[INFORMATION SUPPLIED Boundary: Start]
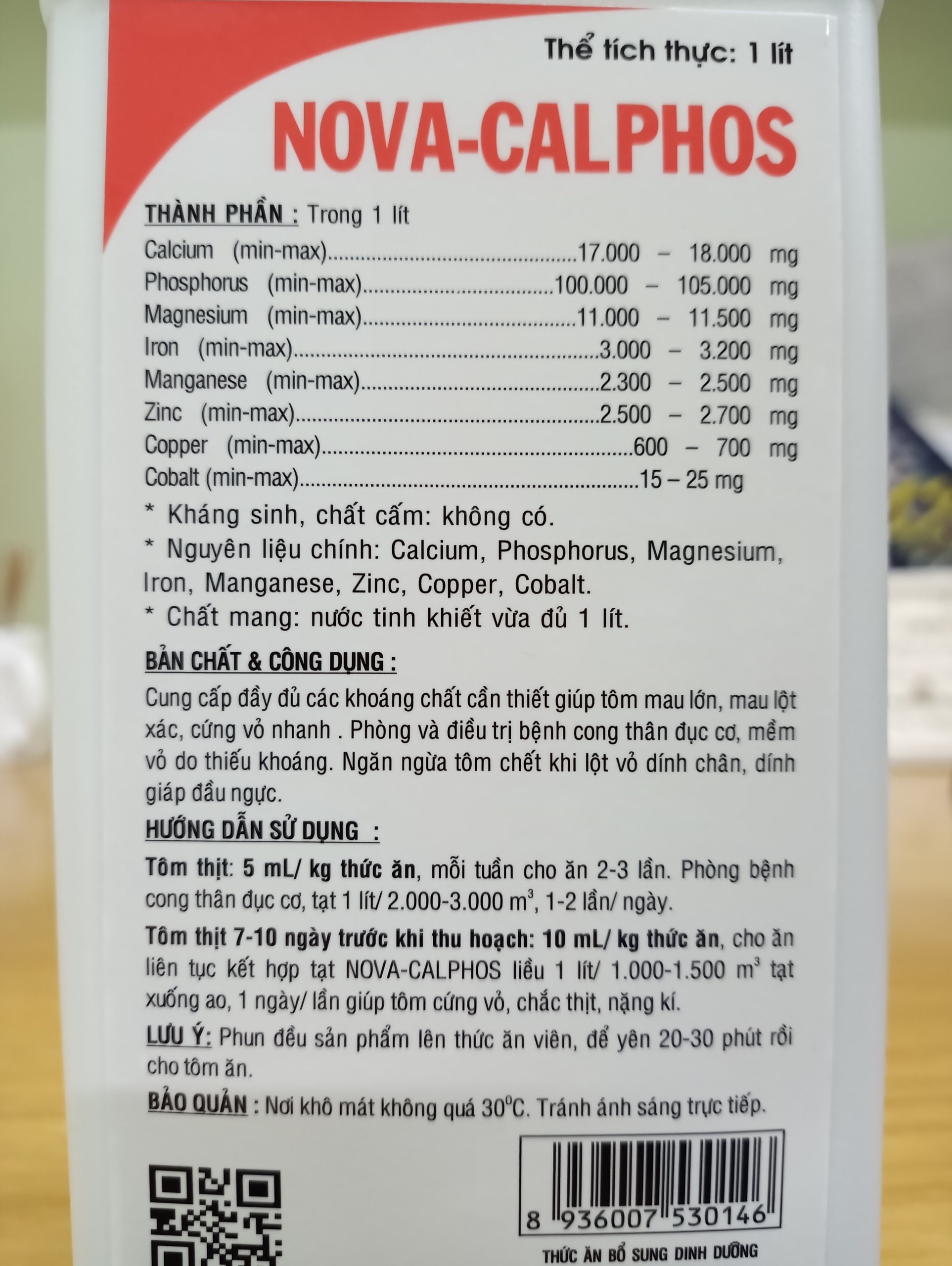 • NOVA-CALPHOS được thiết kế theo công thức hoàn hảo, cung cấp đầy đủ cho các khoáng chất cần thiết giúp tôm mau lớn, mau lột xác, cứng vỏ nhanh. Phòng và điều trị bệnh cong thân, đục cơ, mềm vỏ do thiếu khoáng. Ngăn ngừa tôm chết do dính vỏ, dính giáp đầu ngực.
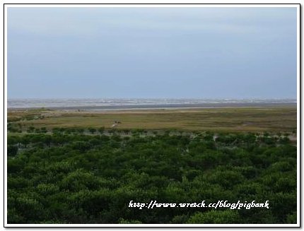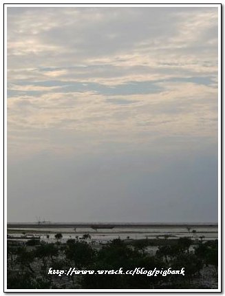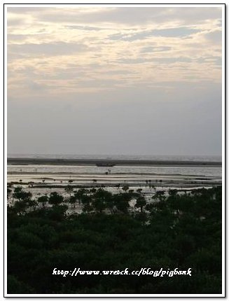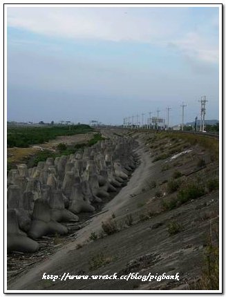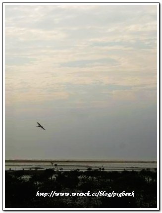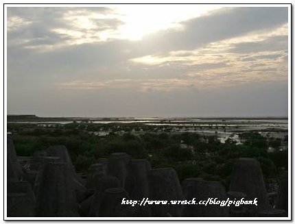 那女子就是在下我,一家四口跟著攀爬著,行徑看似好笑,但卻是最能接近溼地的另一種方式。我停留在消波塊上,勉強的倚靠消波塊坐下,時而看鳥兒飛翔,時而看雲彩奔跑,感覺真是愜意。
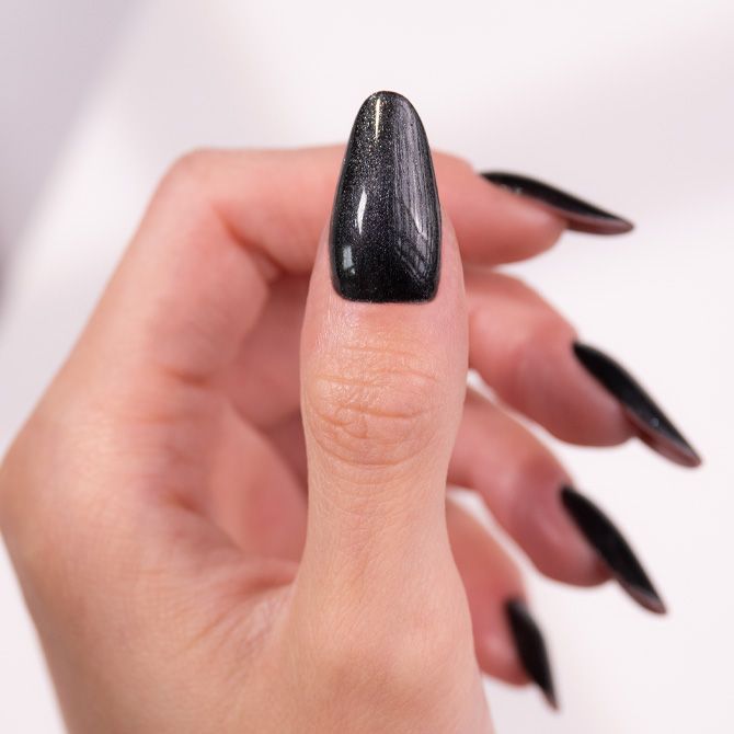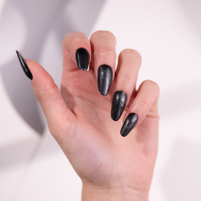 Lakier hybrydowy Make me Hypnotized to głęboka czerń z błyszczącą drobiną, która natychmiastowo przeniesie cię w czarodziejski świat lasu pełnego magicznych istot. To kolor, który przypomina o tajemniczych chochlikach, które skrycie czają się wśród mchu i liści. Manicure hybrydowy wykonany tym kolorem natychmiastowo przeniesie cię w malownicze zakamarki przyrody, gdzie magia i urok spotykają się w jednym miejscu.
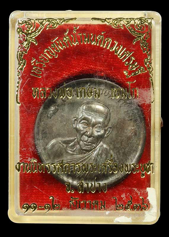 หลวงพ่อเกษม ชุดกล่องที่ระลึกทอดผ้าป่าสามัคคี กรุงเทพ-ลำปาง ในกล่องประกอบด้วย 1.เหรียญแตงโมหลวงพ่อเกษม 2.เหรียญครูบาบุญเย็น 3.เหรียญหลวงปู่แหวน (หาย) |
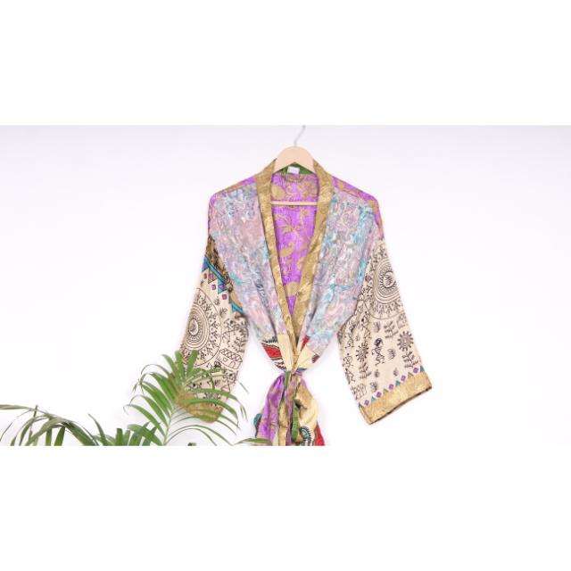 ชุดกิโมโนผ้าไหมสำหรับผู้หญิงชุดนอนส่าหรีหลายสีสำหรับฤดูร้อน
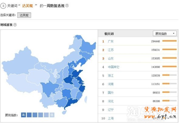 熱銷地區(qū)可以根據(jù)寶貝前一段時(shí)間的累計(jì)選擇,例如量子橫道寶貝被訪排行寶貝被訪詳情 可以看到這個(gè)寶貝最近訪客比較多省份。
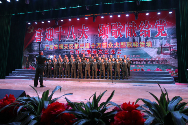 (刘保刚)曲曲红歌映丹心,缕缕心声表深情。9月28日晚,朝天影剧院灯光璀璨,歌声如潮,朝天区党群口“喜迎十八大,颂歌献给党” 大型歌咏专场晚会隆重举行。蔡邦银、伏玉琼、梁黎、贾光升、卢达昌等在家的区四大班子领导与广大干部群众一起欢聚一堂,用深情的歌声向党表达无限感恩之情。至此,朝天区第三届十万群众大型歌咏活动画上圆满句号。区委常委、宣传部长张大鸿致辞。
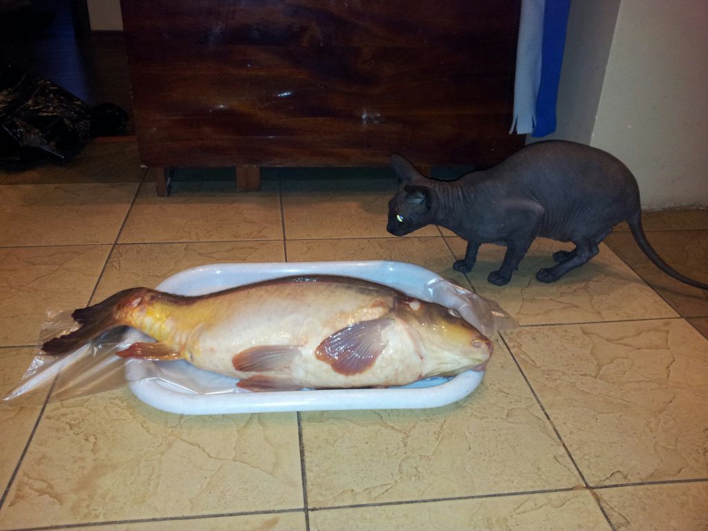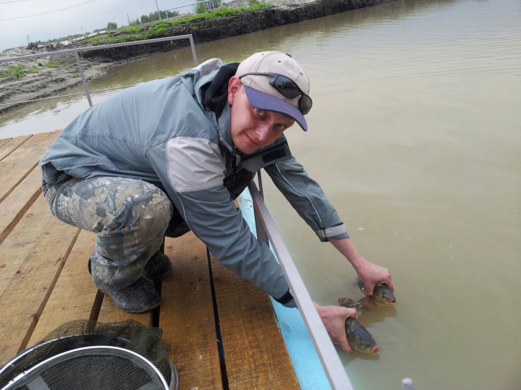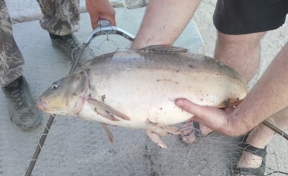 Заехал в субботу на 3 часа. Было жарковато, карпики клевали не очень охотно. Но под конец рыбалки повезло: вот такого поросенка на 4,8 кг удалось изловить на обычную поплавочку. Выводил его минут 20 на леске 0,2. Спасибо администратору-инструктору Сергею, помогшему с подсаком, и соседям-отдыхающим, помогшим запечатлеть улов.)
[INFORMATION SUPPLIED Boundary: End]
Return nothing but the lines running from the start of the data to the line with "那女子就是在下我,一家四口跟", please, both ends included and no pictures.

 • NOVA-CALPHOS được thiết kế theo công thức hoàn hảo, cung cấp đầy đủ cho các khoáng chất cần thiết giúp tôm mau lớn, mau lột xác, cứng vỏ nhanh. Phòng và điều trị bệnh cong thân, đục cơ, mềm vỏ do thiếu khoáng. Ngăn ngừa tôm chết do dính vỏ, dính giáp đầu ngực.
 那女子就是在下我,一家四口跟著攀爬著,行徑看似好笑,但卻是最能接近溼地的另一種方式。我停留在消波塊上,勉強的倚靠消波塊坐下,時而看鳥兒飛翔,時而看雲彩奔跑,感覺真是愜意。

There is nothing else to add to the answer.